MILLAZ LAKSA(Coconut milk curry noodles)


http://3.bp.blogspot.com/_WJjc0N1hIH4/SdCeRUxvXbI/AAAAAAAAFxQ/vXd6_8MiP9Q/s400/laksa.JPG




Garnish with coriander leaves and squeeze a lime over the soup before eating. This is the Recipe for Milla laksa  which I cooked.Its make you want eat more if u try this laksa..You can't  feel your ear when you try millaz laksa (coconut milk noodels) its delicious than other laksa.,
  • 750 grammes of Bee Hoon (rice vermicelli) (soaked)
  • 1.2 kilogrammes of medium-sized prawns 
  • 6 piece fresh fish balls (wash and slice into two)
  • 2 large squid(cut and clean)
  • 1.5 kilogramme chicken (whole bird breast)
  • 5 eggs
  • 500 grammes of bean sprouts
  • 16 to 20 pieces of lime
  • 900 grammes of Sarawak Laksa paste
  • 2Piece of  fresh fry beancurd (slice thinly)
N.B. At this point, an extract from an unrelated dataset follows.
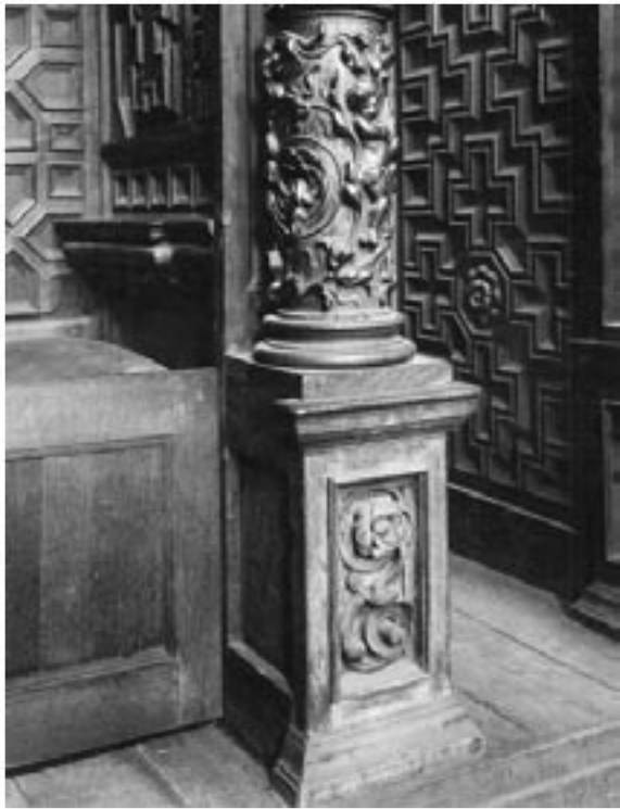
B20034 - Biechtstoel (detail).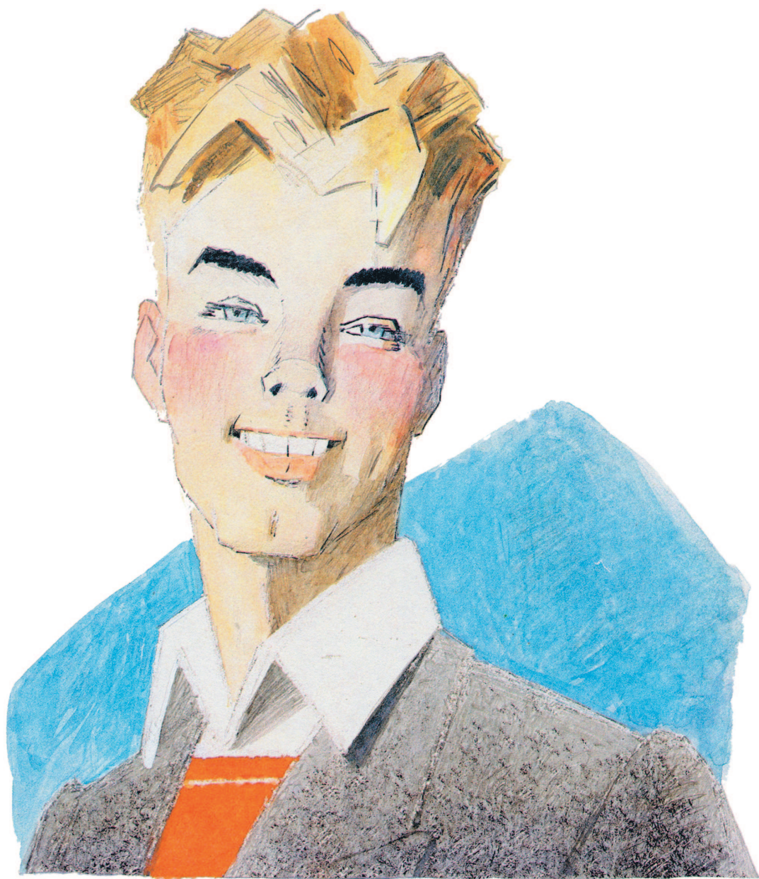
Рисунки Ю. Коровина

  • Coconut milk from 1 1/2 coconuts (about 300 ml)
  • Salt and chicken powder stock to taste (a pinch)
  •  .Coriander leaves (for garnishing)
  •  20bowls of water(clean water)
Beat eggs and fry them thinly on a frying pan. Cut into strips. Set aside.
Boil 4 litres of water in a stock pot. Upon boiling, add 2 teaspoons of salt followed by prawns. Boil the prawns till they start to float indicating that they are cooked. Remove the prawns and let it cool.
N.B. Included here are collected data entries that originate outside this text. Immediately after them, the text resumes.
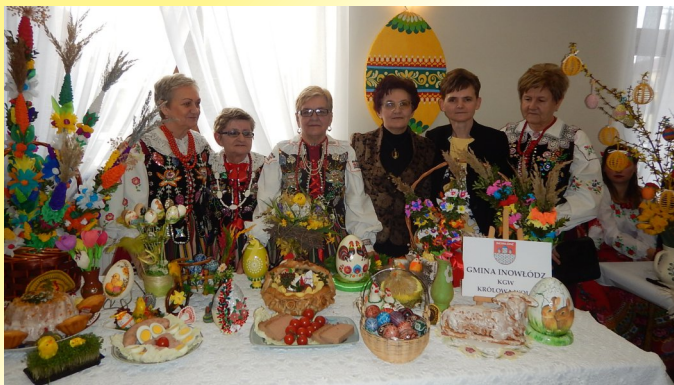
17 marca w Będkowie odbył się XV Powiatowy Konkurs PisaneK i Palm Wielkanocnych w Będkowie.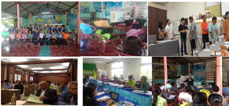
ภาพที่ 2 ประมวลภาพการดำเนินการวิจัย การสัมภาษณ์กลุ่ม (Focus group interview) การจัดระดมสมอง (Brainstorming) กิจกรรมพัฒนาศักยภาพการวิจัย การจัดเวทีปรึกษาหารือสาธารณะ (Public Consultation)

ถิ่น” ณ ศาลาประชาคม บ้านหินปูน ตำบลเขว้าใหญ่ อำเภอกันทรวิชัย จังหวัดมหาสารคาม เป็นเวทีที่ทีมวิจัยร่วมกับหลายภาคส่วน โดยมี สภาเกษตรกรแห่งชาติ อบต. เขว้าใหญ่ กรมประมง กรมเจ้าท่า เครือข่ายเกษตรกรกรมทางเลือกภาคอีสาน ยุติธรรมจังหวัด ร่วมดำเนินการดังกล่าว ณ ศาลาบ้านหินปูน ตำบลเขว้าใหญ่ อำเภอกันทรวิชัย จังหวัดมหาสารคาม มีการให้ความรู้และคำแนะนำจากภาคีเครือข่าย ภาครัฐ สภาเกษตรกรแห่งชาติ อบต. เขว้าใหญ่ กรมประมง กรมเจ้าท่า เครือข่ายเกษตรกรกรมทางเลือกภาคอีสาน ยุติธรรมจังหวัด การเสวนาร่วม การถามตอบ แลกเปลี่ยนความคิดเห็น และเสนอแนวทางการขับเคลื่อนนโยบายต่อยอดในอนาคต 3.2) การถอดบทเรียนสังเคราะห์ข้อมูลที่ได้จากการวิจัย วันที่ 4 ตุลาคม พ.ศ. 2558 “การสร้างกระบวนการเรียนรู้เพื่อนำไปสู่การคุ้มครองสิทธิเกษตรกรผู้เลี้ยงปลากระชังในระบบเกษตรพันธสัญญา” โดยนักวิจัย ร่วมกับศูนย์ส่งเสริมวิชาการเพื่องานวิจัยท้องถิ่น จังหวัดมหาสารคาม (โหนดวิชาการ สกว.) เป็นเวทีการถอดบทเรียนร่วมโดยเกษตรกรและนักวิจัย ร่วมกับภาคีเครือข่ายเพื่อให้ข้อเสนอและร่วมกำหนดนโยบายและแนวทางการขับเคลื่อนนโยบาย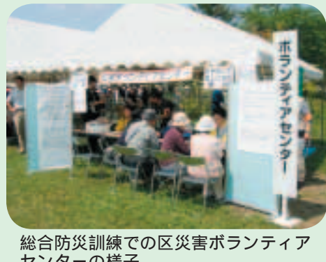
総合防災訓練での区災害ボランティアセンターの様子

答 政策目標の達成に全力を尽くしており、概ね着実に実現が図られていくものと認識している。今後も、目標の実現に邁進してまいりたい。その他の主な質問項目 少子化対策のうち、両立支援についての具体例 今後の保育所整備拡大 全国学力・学習状況調査と仙台市標準学力検査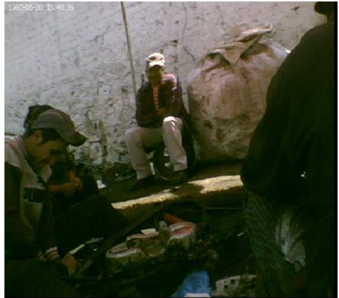
Imagen No. 9 y 10, personas laborando con la basura

Mucha gente suele, o bien solemos pensar que la basura, ya no puede tener alguna utilidad, para ellos, lo de la “Reno”, no es así, todavía le dan por así decirlo una nueva fase de vida y con ello un doble valor, ya que con su trabajo le dan valor. En sí la basura pasa de su última fase de vida social a volverse mercancía.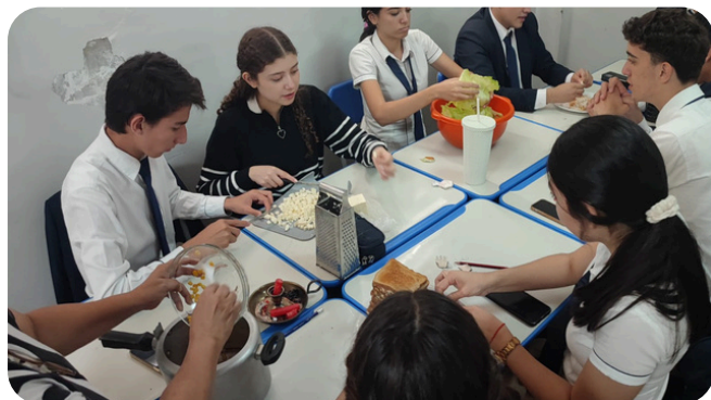
Taller de labores del hogar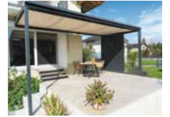
Beispiel einer Cover-Verglasung.

folglich als selbstständiger Geschäftsführer weiter. Die Nähe zum Ursprung bleibt, denn Infrastruktur und Erfahrung werden weiterhin gemeinsam genutzt – effizient und im Sinne der Kundschaft.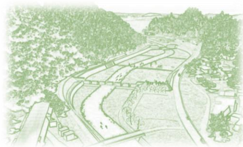
防災性を高める遊砂地のイメージ

Separately, boil 4 litres of water in another stock pot. Upon boiling, add 2 teaspooons of salt followed by the chicken. Boil till chicken is thoroughly cooked. Remove chicken and let it cool.
Remove head and shell from prawn. Put back the prawn into the first pot, cover lid and continue boiling for at least 2 minutes  on medium heat. Place prawn aside.
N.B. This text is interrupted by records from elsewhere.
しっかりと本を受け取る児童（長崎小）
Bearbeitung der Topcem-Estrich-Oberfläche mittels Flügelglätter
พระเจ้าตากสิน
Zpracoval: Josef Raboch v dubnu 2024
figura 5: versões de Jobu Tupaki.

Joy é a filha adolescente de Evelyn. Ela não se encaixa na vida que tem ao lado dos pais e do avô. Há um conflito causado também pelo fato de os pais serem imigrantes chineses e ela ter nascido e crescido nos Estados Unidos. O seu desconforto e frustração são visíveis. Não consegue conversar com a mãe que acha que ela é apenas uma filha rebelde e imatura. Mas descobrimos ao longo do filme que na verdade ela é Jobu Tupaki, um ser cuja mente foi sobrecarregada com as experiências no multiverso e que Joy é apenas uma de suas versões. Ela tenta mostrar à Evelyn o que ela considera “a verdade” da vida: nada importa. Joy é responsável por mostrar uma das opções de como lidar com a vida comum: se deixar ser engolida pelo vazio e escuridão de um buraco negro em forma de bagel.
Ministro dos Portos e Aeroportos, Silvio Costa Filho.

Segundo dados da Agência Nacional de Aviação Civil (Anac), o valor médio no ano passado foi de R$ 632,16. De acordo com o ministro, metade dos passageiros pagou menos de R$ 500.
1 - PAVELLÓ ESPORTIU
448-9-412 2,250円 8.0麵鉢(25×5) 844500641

Remove chicken meat from bones and shred the meat using fingers. Put back the chicken bones into the second pot, cover lid and continue boiling for at least 2 hours on medium heat. Place shredded chicken meat aside.
Once both stock are cooked, Combine the stock into one pot. Add  Laksa  paste and let it boil at medium to high heat for at least 30 minutes.
Using freshly boiled water, blanch the beansprouts in 3 batches for 1 minute each. Drain beansprouts and set aside.
Next, cook the pre-soaked beehoon in 4 to 5 batches by blanching them in boiling water for at least 1 minute. Drain and set aside.
After the Laksa paste has been left boiling for at least 30 minutes, turn off heat and sieve and remove the spice from the stock. Bring the stock (now laksa soup) to boil again. Turn off heat and add coconut milk gradually whilst stirring. Add salt and chiken stock recomended (chicken stock powder) to taste.
To serve, first place cooked beehoon on a bowl. Add beansprouts, shredded chicken, prawns and egg strips.slice fresh beancurd,squid,fresh fish ball Then pour the laksa soup over the ingredients.garnishing with coriander leaf.and enjoyed it while the laksa hot..
It is not recommended that the laksa be kept overnight as coconut milk is used.becouse of the  freshness and the fragrance will be roten and it might cause a food poison.